[Task goal]
When you reach the records below, output every one exactly as written but leave out any pictures.

[Exercise data]
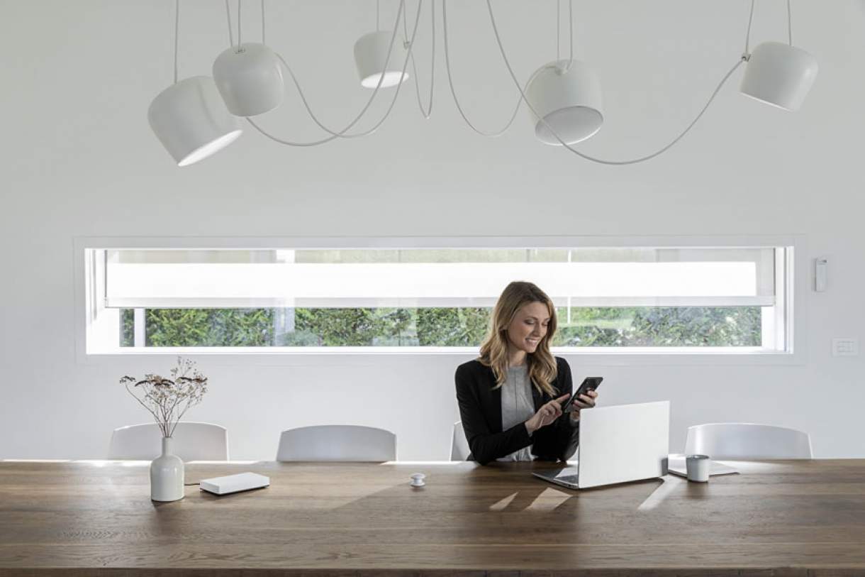 Com a automação, a luz solar torna-se uma aliada para a eficiência energética da sua residência. Controlar cortinas interiores, venezianas, toldos, pérgolas ou persianas permite usar a luz natural para controlar a luminosidade da casa e criar cenários eficientes baseados em diferentes necessidades.
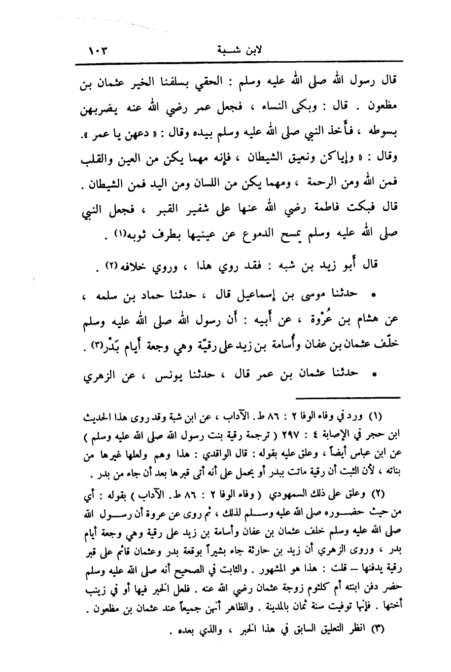 حَدَّثَنَا عُثْمَانُ بْنُ عُمَرَ قَالَ: حَدَّثَنَا يُونُسُ، عَنِ الزُّهْرِيِّ -[104]- قَالَ: " §قَسَمَ رَسُولُ اللَّهِ صَلَّى اللهُ عَلَيْهِ وَسَلَّمَ لِعُثْمَانَ يَوْمَ بَدْرٍ. قَالَ: وَكَانَ تَخَلَّفَ عَلَى امْرَأَتِهِ رُقَيَّةَ بِنْتِ رَسُولِ اللَّهِ صَلَّى اللهُ عَلَيْهِ وَسَلَّمَ، أَصَابَتْهَا الْحَصْبَةُ، فَجَاءَ زَيْدُ بْنُ حَارِثَةَ بَشِيرًا بِوَقْعَةِ بَدْرٍ، وَعُثْمَانُ رَضِيَ اللَّهُ عَنْهُ قَائِمٌ عَلَى قَبْرِ رُقَيَّةَ يَدْفِنُهَا
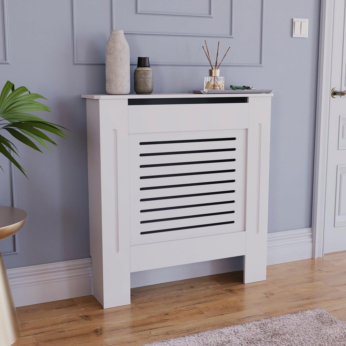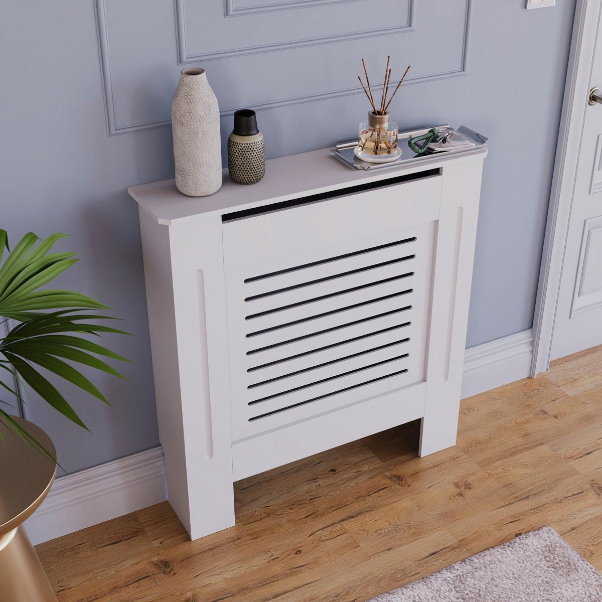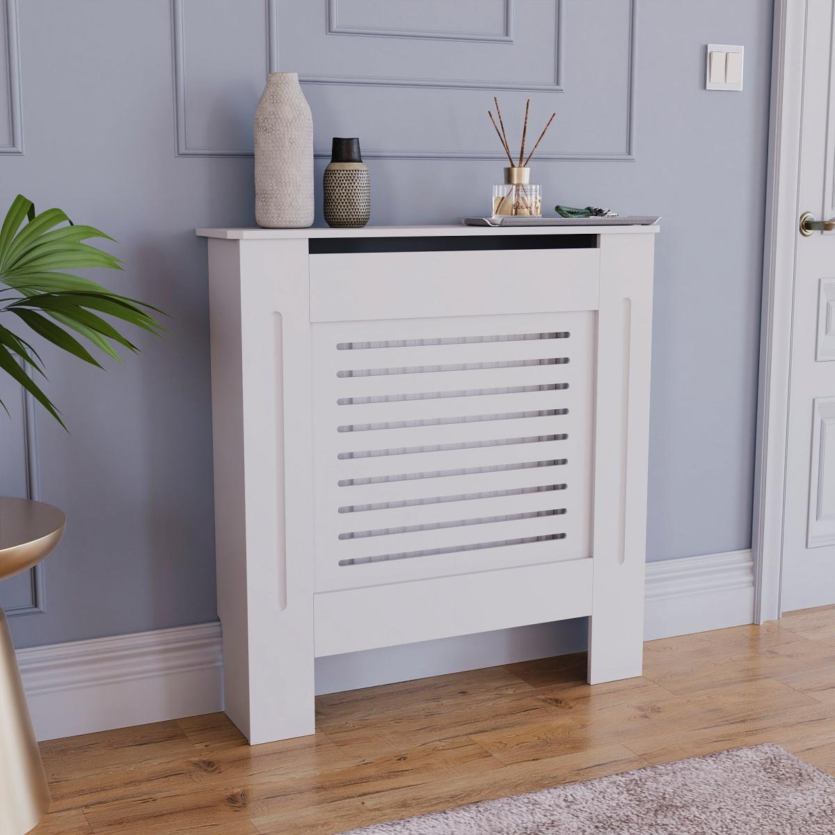 I love this slimline white radiator cover for its clean, versatile look that easily adapts to various interiors, from cosy cottages to modern apartments. It’s particularly effective in spaces where you want to conceal unsightly radiators while creating a surface for decorative accessories. The small size makes it perfect for narrow hallways or side entrances, giving you extra surface space without overwhelming the area. Practical styling tips include adding a few favourite ornaments or a small lamp on top, as well as using it to support plants or picture frames to personalise the space. Its simple design lends itself well to both contemporary minimalism and more traditional schemes, making it a smart and functional addition to any room.
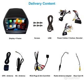 Autoradio navigatore specifica HYUNDAI facile da installare senza modifica al impianto della sua vettura,mantiene le funzioni originali della vostra auto.
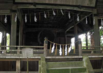 『文政10年(1828)の建立で祈願者の神楽奉納の御殿である。四方吹通し入母屋造りで諏訪市の指定文化財の建造物です。大太鼓は神楽殿建立と同時に奉納され胴は樽と同様に合わせ木作りで龍神が画かれている。皮は一枚皮が使われ、一枚皮では(牛と云う)日本一と云われる。この大太鼓は元旦の朝のみ打たれる。』
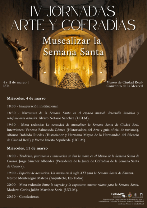 El Museo de Semana Santa de Cuenca estará presente en las IV Jornadas Arte y Cofradías, que se celebran en Ciudad Real los días 4 y 11 de marzo de 2026. La actividad, organizada por la Asociación de Cofradías de Semana Santa de Ciudad Real y el Departamento de Historia del Arte de la UCLM, en colaboración con la Junta de Comunidades y el Museo de Ciudad Real, está centrada este año en la musealización de la Semana Santa.
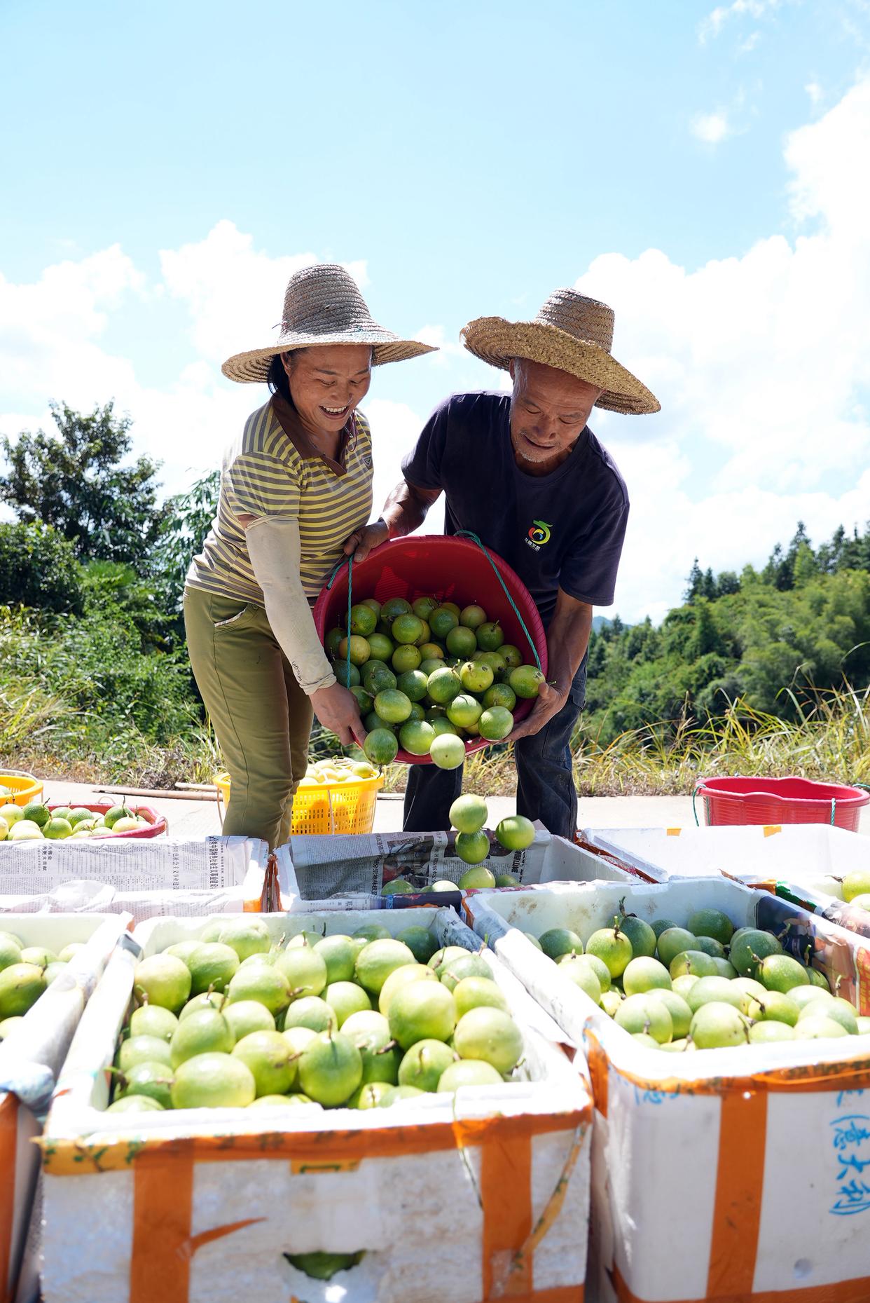 9月22日,在广西龙胜各族自治县瓢里镇平岭村,村民将刚采摘的百香果装盒准备出售。新华社发(韦吉阳摄)
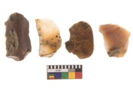 | Description / विवरण | There are n 4 utilized flakes. There are multi directional irregular scar pattern on both dorsal and ventral face of the flakes.two are chert, and two are chalcedony, Some of them are blunted and few are sharp edges. |
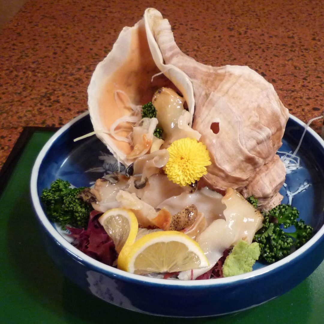 品嘗當地產的海螺所烹製而成的各種菜餚
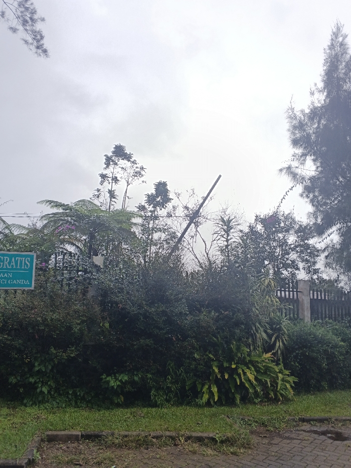 The image displays an outdoor scene under an overcast sky, located in Matopos, Zimbabwe. The foreground features a paved area interspersed with strips of green grass. Immediately behind this, a dense layer of diverse green vegetation, including shrubs and ferns, dominates the midground. To the left, a rectangular green sign with white text is partially visible, clearly displaying "GRATIS" at the top, followed by "AAN" and "CI GANDA" below. Further into the background, a variety of trees with different foliage densities are visible, some reaching high into the frame. On the right, a dark, vertical slatted fence is partially obscured by trees and bushes. A dark, slender pole or tree branch angles diagonally upwards into the sky in the upper central portion of the frame. No individuals or animals are present.

[Solution to this task]
 Com a automação, a luz solar torna-se uma aliada para a eficiência energética da sua residência. Controlar cortinas interiores, venezianas, toldos, pérgolas ou persianas permite usar a luz natural para controlar a luminosidade da casa e criar cenários eficientes baseados em diferentes necessidades.
 حَدَّثَنَا عُثْمَانُ بْنُ عُمَرَ قَالَ: حَدَّثَنَا يُونُسُ، عَنِ الزُّهْرِيِّ -[104]- قَالَ: " §قَسَمَ رَسُولُ اللَّهِ صَلَّى اللهُ عَلَيْهِ وَسَلَّمَ لِعُثْمَانَ يَوْمَ بَدْرٍ. قَالَ: وَكَانَ تَخَلَّفَ عَلَى امْرَأَتِهِ رُقَيَّةَ بِنْتِ رَسُولِ اللَّهِ صَلَّى اللهُ عَلَيْهِ وَسَلَّمَ، أَصَابَتْهَا الْحَصْبَةُ، فَجَاءَ زَيْدُ بْنُ حَارِثَةَ بَشِيرًا بِوَقْعَةِ بَدْرٍ، وَعُثْمَانُ رَضِيَ اللَّهُ عَنْهُ قَائِمٌ عَلَى قَبْرِ رُقَيَّةَ يَدْفِنُهَا
 I love this slimline white radiator cover for its clean, versatile look that easily adapts to various interiors, from cosy cottages to modern apartments. It’s particularly effective in spaces where you want to conceal unsightly radiators while creating a surface for decorative accessories. The small size makes it perfect for narrow hallways or side entrances, giving you extra surface space without overwhelming the area. Practical styling tips include adding a few favourite ornaments or a small lamp on top, as well as using it to support plants or picture frames to personalise the space. Its simple design lends itself well to both contemporary minimalism and more traditional schemes, making it a smart and functional addition to any room.
 Autoradio navigatore specifica HYUNDAI facile da installare senza modifica al impianto della sua vettura,mantiene le funzioni originali della vostra auto.
 『文政10年(1828)の建立で祈願者の神楽奉納の御殿である。四方吹通し入母屋造りで諏訪市の指定文化財の建造物です。大太鼓は神楽殿建立と同時に奉納され胴は樽と同様に合わせ木作りで龍神が画かれている。皮は一枚皮が使われ、一枚皮では(牛と云う)日本一と云われる。この大太鼓は元旦の朝のみ打たれる。』
 El Museo de Semana Santa de Cuenca estará presente en las IV Jornadas Arte y Cofradías, que se celebran en Ciudad Real los días 4 y 11 de marzo de 2026. La actividad, organizada por la Asociación de Cofradías de Semana Santa de Ciudad Real y el Departamento de Historia del Arte de la UCLM, en colaboración con la Junta de Comunidades y el Museo de Ciudad Real, está centrada este año en la musealización de la Semana Santa.
 9月22日,在广西龙胜各族自治县瓢里镇平岭村,村民将刚采摘的百香果装盒准备出售。新华社发(韦吉阳摄)
 | Description / विवरण | There are n 4 utilized flakes. There are multi directional irregular scar pattern on both dorsal and ventral face of the flakes.two are chert, and two are chalcedony, Some of them are blunted and few are sharp edges. |
 品嘗當地產的海螺所烹製而成的各種菜餚
 The image displays an outdoor scene under an overcast sky, located in Matopos, Zimbabwe. The foreground features a paved area interspersed with strips of green grass. Immediately behind this, a dense layer of diverse green vegetation, including shrubs and ferns, dominates the midground. To the left, a rectangular green sign with white text is partially visible, clearly displaying "GRATIS" at the top, followed by "AAN" and "CI GANDA" below. Further into the background, a variety of trees with different foliage densities are visible, some reaching high into the frame. On the right, a dark, vertical slatted fence is partially obscured by trees and bushes. A dark, slender pole or tree branch angles diagonally upwards into the sky in the upper central portion of the frame. No individuals or animals are present.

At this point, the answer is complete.